Data window: January 1 – June 5, 2026 Sample size: 340 verified ENTRA survey respondents + 2,800+ Levels.fyi submissions filtered for AI titles Year-over-year delta: computed against ENTRA Salary Survey H2 2025 where applicable.
Limitations:
- Private company equity is estimated from public funding rounds and comparable benchmarks; actual vested value may differ significantly.
- Roles at fewer than 5 companies in our dataset are marked with ⚡ (limited sample): Constitutional AI Researcher, Neural Architecture Search Researcher, and AI Benchmark Engineer. Treat these figures as directional benchmarks.

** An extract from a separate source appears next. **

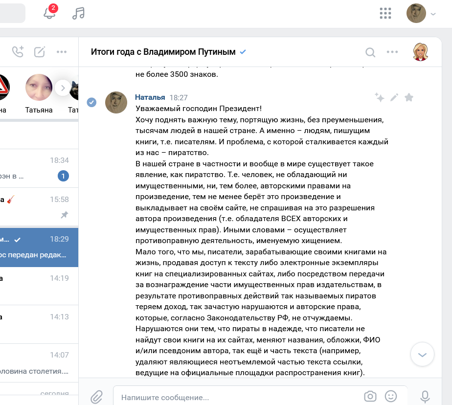 Уважаемый господин Президент! Надеемся на Вашу помощь и просим Вас о защите наших прав и доходов. Больше нам обращаться не к кому, т.к. проблема пиратства обрела, к сожалению, катастрофические масштабы.

- Contractor roles (AI Trainer, RLHF Specialist contractor tier) annualize at median billed hours; high-output contractors at p90 may earn materially above tabulated figures.
Inquiries about methodology: methodology@entracareers.com
What's next
The H2 2026 refresh of this index will publish in December 2026. Three variables are likely to move the rankings materially. First, the frontier-lab inference-efficiency race: if inference-time compute investment continues to grow at the H1 2026 rate, LLM Training Engineer and RL Engineer demand will sustain at 9–10/10 into year-end and median comp may clear $500,000 for both roles. Second, the EU AI Act compliance cycle: AI Security Engineer and Eval/Red Team Lead rankings may climb as the regulation's technical-security requirements generate a new wave of enterprise demand for these profiles — currently a government-and-frontier-lab premium, potentially a mass-market title by H2. Third, the physical-intelligence wave: Robotics AI Engineer and Autonomous Systems Engineer are the two roles in this index most likely to break into the top 10 by December if the Series B and C funding rounds for physical-intelligence labs translate into senior hiring at the rate their term sheets imply. Watch the Levels.fyi robotics AI subcategory as the leading indicator; when it crosses $380,000 median, the H2 reranking will reflect it.